Create a 1 x 1 plane, matching the space of your transformed uv geo. Boolean the two, leaving the padding from the orig uvs. Create uvs for the plane, using UV project, fit to best plane. Now feed this into the UV layout SOP. Boom. You’ll need to adjust settings, but that’s it.

The second huge task for the week was building a system in Touchdesigner that let me instance a movie file on a grid and control the playback of each via the greyscale value of pixels in a corresponding movie. It feels as hard to explain as it was to build. Pictures are easier.

Setting up the instances isn’t hard in TD, but coming from C4D or Houdini it feels a bit obtuse. To instance directly onto points, specify a sop in the instance tab of a geo container. The geometry you have inside the geo will be instanced.

Before going further I’ll assign my texture. I feed my movie file into a Texture3D TOP. This pulls x number of frames into a stack of frames. Feed the tex3d into a mat, then when assigned to your geo, you control how the images are assigned in the instance 2 tab (later step)

Controlling the instances gets harder. You have to do this via channel data. Any control channel will need the same number or samples as instances present… makes sense. Since I want to drive my instances via a movie file, I’m going to need to convert my movie TOP to a CHOP. Easy

But, I need the entire frame, not just one row of pixels (which oddly is the default). Converting the whole image will give me one channel per row of pixels… close. Now I need to string these out so I have one long channel with one sample representing each of my instances.

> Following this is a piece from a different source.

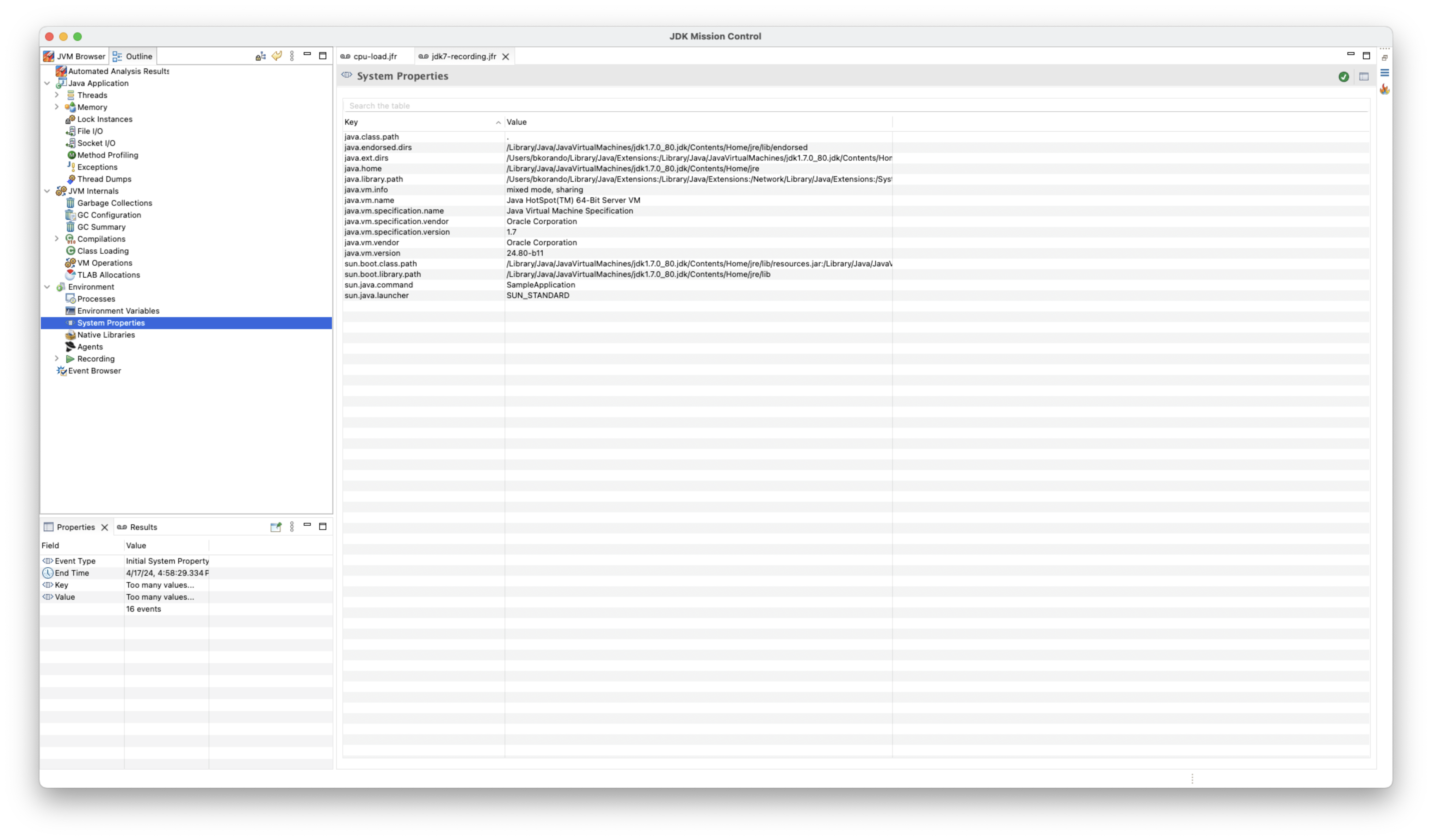 とはいえ、JDK 17がJMC実行で必要ではありますが、JDK 7u40以後のJFR記録はこれまで通り読めます。以下はシンプルなJDK 7のアプリケーションからの記録の例です。

I used the Splice CHOP to join the channels. Actually I used a lot of Splice CHOPs because I couldn’t figure any other way to do it. Splice will join two channels, I had 12.

Now finally I have my driver movie being converted to one mega long channel, all I need to do now is feed it into my texture settings on the instance 2 tab of my geo container.

Thanks if you made it this far in the mega thread. Hope it helps if anyone is trying to do similar things, or at least gives a little glimpse of what goes into building set ups like these. Now time for work.